[Your assignment] When a line of the records contains "that", copy it.

[Dataset records]
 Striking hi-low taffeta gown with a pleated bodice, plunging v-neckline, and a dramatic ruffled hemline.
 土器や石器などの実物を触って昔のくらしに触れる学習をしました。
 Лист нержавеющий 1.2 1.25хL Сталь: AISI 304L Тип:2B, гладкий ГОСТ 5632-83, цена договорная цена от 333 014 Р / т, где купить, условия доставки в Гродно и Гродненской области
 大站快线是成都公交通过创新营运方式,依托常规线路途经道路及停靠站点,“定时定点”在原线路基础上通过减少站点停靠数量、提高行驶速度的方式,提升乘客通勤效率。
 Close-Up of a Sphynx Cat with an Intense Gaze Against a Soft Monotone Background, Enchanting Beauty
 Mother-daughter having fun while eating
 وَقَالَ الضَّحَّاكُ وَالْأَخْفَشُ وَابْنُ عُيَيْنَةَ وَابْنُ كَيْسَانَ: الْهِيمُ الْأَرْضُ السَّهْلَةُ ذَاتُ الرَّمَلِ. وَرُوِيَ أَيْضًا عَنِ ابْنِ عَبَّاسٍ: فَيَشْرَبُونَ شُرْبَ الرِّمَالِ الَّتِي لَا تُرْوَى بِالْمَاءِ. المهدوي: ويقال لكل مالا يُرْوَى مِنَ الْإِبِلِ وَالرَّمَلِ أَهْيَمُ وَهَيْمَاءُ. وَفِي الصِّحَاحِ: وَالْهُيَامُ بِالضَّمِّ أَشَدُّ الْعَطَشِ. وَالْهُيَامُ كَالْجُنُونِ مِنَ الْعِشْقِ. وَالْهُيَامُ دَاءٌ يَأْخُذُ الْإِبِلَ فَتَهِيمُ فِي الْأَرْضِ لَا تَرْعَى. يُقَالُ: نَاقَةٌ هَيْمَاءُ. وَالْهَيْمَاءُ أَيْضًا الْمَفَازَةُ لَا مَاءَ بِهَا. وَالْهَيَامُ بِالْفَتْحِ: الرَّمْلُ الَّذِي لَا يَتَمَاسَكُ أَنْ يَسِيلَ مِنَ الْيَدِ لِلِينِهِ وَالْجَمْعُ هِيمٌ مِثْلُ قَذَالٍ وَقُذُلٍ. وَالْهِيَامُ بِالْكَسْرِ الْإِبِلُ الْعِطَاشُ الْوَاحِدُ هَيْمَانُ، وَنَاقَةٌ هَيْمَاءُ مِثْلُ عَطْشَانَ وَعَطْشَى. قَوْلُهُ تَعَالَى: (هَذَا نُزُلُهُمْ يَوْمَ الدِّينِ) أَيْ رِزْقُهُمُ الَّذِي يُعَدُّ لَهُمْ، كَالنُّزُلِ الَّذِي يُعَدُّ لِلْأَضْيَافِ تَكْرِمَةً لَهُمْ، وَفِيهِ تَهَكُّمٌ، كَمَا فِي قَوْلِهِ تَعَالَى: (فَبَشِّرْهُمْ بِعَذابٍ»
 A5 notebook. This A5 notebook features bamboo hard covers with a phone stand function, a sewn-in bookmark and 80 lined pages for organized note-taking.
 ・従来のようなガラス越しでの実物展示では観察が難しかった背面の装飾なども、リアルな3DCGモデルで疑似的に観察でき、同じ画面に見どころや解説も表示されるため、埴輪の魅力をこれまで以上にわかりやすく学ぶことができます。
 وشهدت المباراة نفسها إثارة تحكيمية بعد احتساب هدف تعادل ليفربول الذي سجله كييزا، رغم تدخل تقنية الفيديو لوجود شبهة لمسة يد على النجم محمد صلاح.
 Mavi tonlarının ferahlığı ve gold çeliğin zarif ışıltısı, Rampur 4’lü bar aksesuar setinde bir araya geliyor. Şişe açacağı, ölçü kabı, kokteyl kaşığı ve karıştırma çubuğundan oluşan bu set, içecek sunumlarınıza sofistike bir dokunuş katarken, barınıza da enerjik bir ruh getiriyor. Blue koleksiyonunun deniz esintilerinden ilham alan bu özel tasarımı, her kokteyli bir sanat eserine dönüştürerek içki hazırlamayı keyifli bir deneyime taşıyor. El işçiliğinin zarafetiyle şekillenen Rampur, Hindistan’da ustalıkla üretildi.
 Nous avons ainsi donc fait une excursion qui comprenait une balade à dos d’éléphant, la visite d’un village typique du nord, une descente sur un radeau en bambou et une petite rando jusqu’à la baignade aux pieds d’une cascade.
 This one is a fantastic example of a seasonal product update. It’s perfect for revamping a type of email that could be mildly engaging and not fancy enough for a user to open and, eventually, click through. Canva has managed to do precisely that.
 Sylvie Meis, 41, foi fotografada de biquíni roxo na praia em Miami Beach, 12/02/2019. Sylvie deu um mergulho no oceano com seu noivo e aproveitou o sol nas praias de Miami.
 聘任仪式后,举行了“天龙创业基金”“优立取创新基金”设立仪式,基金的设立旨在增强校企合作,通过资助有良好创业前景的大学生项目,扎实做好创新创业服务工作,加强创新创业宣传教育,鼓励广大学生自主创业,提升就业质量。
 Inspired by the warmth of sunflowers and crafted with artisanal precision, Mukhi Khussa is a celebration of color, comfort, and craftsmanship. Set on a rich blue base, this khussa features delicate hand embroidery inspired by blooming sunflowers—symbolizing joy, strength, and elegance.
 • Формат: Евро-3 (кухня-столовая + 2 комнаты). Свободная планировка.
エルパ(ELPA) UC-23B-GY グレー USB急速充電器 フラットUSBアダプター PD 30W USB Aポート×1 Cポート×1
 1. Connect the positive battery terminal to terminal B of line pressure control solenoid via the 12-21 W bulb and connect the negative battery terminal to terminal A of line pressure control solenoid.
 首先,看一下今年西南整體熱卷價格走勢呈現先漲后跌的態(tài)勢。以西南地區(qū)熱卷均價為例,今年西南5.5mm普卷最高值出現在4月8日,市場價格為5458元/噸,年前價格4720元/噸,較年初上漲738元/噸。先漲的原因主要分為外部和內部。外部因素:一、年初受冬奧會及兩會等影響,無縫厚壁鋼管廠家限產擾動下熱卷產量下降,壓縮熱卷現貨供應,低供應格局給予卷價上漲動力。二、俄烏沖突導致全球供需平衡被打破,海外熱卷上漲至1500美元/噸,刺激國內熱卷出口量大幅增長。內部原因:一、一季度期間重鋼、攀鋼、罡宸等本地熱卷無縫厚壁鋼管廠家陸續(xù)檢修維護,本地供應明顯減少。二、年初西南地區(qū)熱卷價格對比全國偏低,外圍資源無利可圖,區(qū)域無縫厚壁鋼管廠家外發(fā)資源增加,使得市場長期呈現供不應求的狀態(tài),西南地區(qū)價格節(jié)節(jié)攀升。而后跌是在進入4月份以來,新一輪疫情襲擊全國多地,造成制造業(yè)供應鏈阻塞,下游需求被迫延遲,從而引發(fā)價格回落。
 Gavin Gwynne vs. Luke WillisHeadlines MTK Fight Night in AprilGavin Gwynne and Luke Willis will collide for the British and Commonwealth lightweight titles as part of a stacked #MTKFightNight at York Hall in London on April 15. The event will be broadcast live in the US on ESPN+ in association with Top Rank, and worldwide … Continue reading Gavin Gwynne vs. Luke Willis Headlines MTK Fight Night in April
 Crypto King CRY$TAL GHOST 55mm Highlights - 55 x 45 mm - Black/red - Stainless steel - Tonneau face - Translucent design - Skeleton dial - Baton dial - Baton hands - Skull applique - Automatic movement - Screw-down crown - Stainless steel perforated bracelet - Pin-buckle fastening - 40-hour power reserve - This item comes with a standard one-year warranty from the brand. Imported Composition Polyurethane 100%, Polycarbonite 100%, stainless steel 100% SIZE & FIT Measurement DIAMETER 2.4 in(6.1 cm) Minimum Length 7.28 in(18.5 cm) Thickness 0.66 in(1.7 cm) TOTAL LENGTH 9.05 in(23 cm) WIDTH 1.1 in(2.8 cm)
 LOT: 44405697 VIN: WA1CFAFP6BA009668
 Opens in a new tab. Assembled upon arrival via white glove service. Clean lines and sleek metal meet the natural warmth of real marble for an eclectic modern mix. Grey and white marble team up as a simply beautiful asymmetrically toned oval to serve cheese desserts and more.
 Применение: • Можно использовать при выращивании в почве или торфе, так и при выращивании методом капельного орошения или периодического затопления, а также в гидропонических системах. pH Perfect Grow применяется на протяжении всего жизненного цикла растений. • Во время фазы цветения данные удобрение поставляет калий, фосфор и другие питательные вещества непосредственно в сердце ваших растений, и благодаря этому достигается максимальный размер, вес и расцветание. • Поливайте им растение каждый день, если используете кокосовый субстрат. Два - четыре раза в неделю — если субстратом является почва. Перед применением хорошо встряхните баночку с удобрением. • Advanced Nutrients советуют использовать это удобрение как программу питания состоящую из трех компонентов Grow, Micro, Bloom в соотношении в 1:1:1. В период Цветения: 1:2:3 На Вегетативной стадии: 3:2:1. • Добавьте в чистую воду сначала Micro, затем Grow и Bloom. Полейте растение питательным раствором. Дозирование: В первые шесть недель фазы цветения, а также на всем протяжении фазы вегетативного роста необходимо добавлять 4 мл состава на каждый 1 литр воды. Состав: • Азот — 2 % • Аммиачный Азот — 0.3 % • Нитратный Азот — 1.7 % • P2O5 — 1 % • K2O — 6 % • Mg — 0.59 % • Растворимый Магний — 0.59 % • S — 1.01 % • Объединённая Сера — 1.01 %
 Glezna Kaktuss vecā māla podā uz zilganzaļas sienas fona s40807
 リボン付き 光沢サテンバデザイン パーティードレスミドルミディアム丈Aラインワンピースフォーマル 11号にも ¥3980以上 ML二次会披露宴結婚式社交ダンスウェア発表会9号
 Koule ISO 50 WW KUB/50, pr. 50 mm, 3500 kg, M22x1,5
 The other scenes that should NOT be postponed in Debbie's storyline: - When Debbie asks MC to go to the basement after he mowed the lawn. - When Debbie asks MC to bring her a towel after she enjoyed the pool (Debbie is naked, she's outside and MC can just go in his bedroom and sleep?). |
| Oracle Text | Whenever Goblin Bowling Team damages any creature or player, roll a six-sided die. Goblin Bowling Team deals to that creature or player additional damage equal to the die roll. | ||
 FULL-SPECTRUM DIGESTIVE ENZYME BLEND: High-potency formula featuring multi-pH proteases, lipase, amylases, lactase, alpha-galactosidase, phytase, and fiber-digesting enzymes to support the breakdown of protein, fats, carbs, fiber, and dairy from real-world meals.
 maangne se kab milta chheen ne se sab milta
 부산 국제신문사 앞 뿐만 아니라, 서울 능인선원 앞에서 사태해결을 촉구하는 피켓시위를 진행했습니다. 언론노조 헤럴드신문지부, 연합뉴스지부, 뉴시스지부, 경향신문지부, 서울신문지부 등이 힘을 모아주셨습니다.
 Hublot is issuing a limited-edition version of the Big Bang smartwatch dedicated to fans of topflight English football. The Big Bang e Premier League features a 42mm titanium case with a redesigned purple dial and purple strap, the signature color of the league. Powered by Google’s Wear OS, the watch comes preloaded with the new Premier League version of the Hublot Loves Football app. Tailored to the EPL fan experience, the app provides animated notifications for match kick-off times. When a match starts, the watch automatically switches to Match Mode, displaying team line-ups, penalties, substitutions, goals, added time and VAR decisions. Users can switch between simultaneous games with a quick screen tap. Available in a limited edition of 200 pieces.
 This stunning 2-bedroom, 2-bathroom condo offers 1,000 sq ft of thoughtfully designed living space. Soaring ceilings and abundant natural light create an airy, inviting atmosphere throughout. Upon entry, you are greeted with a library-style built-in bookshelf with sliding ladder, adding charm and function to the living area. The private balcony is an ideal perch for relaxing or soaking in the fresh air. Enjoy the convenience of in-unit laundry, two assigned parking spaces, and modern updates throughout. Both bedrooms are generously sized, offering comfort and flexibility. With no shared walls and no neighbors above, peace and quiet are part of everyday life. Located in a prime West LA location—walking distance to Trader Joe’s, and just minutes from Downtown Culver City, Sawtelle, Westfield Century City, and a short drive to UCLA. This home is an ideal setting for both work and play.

[The completed task]
 This one is a fantastic example of a seasonal product update. It’s perfect for revamping a type of email that could be mildly engaging and not fancy enough for a user to open and, eventually, click through. Canva has managed to do precisely that.
 The other scenes that should NOT be postponed in Debbie's storyline: - When Debbie asks MC to go to the basement after he mowed the lawn. - When Debbie asks MC to bring her a towel after she enjoyed the pool (Debbie is naked, she's outside and MC can just go in his bedroom and sleep?). |
| Oracle Text | Whenever Goblin Bowling Team damages any creature or player, roll a six-sided die. Goblin Bowling Team deals to that creature or player additional damage equal to the die roll. | ||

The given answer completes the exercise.